Reproduce, exactly and in full, the lines from the one with "此地主食一般首推「高樓麵」,為肉菜相拌的" through the one with "McNeil permanece en" in the data below; drop pictures.

*Dataset records*
+--
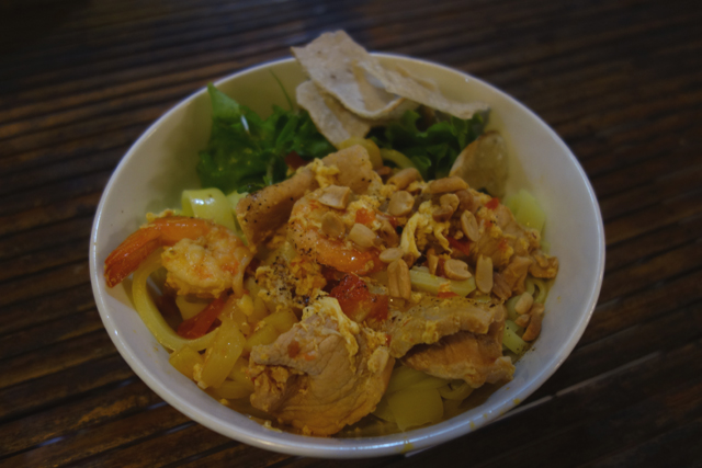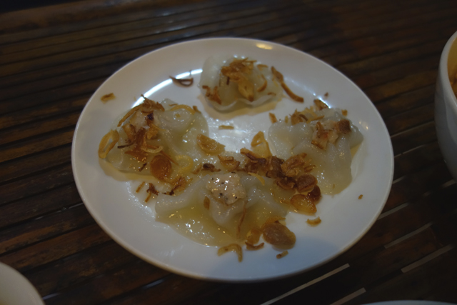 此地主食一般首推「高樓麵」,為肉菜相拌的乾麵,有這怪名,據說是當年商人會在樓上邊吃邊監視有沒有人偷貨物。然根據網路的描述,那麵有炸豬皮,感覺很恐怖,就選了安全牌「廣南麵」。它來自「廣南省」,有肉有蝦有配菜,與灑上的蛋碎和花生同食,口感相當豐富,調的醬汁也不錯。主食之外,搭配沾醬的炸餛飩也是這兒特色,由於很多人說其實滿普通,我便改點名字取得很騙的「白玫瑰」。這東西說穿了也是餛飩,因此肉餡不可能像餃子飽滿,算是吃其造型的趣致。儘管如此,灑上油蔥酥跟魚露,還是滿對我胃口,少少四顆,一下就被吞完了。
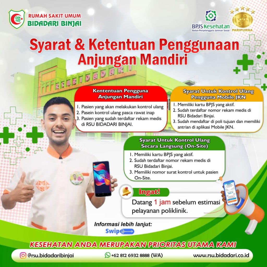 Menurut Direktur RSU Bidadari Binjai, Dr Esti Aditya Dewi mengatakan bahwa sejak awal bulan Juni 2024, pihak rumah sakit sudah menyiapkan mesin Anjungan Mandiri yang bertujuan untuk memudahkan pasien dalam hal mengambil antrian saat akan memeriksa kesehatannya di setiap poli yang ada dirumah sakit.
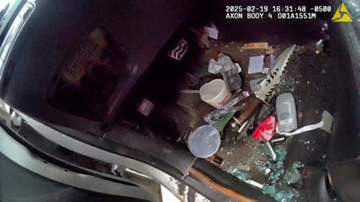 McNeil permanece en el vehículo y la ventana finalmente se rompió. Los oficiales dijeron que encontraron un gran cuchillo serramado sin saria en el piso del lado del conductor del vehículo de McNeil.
+--
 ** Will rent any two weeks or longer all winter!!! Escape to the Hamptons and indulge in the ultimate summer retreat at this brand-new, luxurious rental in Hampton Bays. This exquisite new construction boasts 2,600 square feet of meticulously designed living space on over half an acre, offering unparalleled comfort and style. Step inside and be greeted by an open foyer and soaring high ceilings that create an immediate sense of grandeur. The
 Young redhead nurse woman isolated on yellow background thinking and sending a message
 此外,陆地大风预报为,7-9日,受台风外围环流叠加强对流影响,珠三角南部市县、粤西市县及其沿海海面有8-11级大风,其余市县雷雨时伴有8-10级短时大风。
+--
*The answer*
 此地主食一般首推「高樓麵」,為肉菜相拌的乾麵,有這怪名,據說是當年商人會在樓上邊吃邊監視有沒有人偷貨物。然根據網路的描述,那麵有炸豬皮,感覺很恐怖,就選了安全牌「廣南麵」。它來自「廣南省」,有肉有蝦有配菜,與灑上的蛋碎和花生同食,口感相當豐富,調的醬汁也不錯。主食之外,搭配沾醬的炸餛飩也是這兒特色,由於很多人說其實滿普通,我便改點名字取得很騙的「白玫瑰」。這東西說穿了也是餛飩,因此肉餡不可能像餃子飽滿,算是吃其造型的趣致。儘管如此,灑上油蔥酥跟魚露,還是滿對我胃口,少少四顆,一下就被吞完了。
 Menurut Direktur RSU Bidadari Binjai, Dr Esti Aditya Dewi mengatakan bahwa sejak awal bulan Juni 2024, pihak rumah sakit sudah menyiapkan mesin Anjungan Mandiri yang bertujuan untuk memudahkan pasien dalam hal mengambil antrian saat akan memeriksa kesehatannya di setiap poli yang ada dirumah sakit.
 McNeil permanece en el vehículo y la ventana finalmente se rompió. Los oficiales dijeron que encontraron un gran cuchillo serramado sin saria en el piso del lado del conductor del vehículo de McNeil.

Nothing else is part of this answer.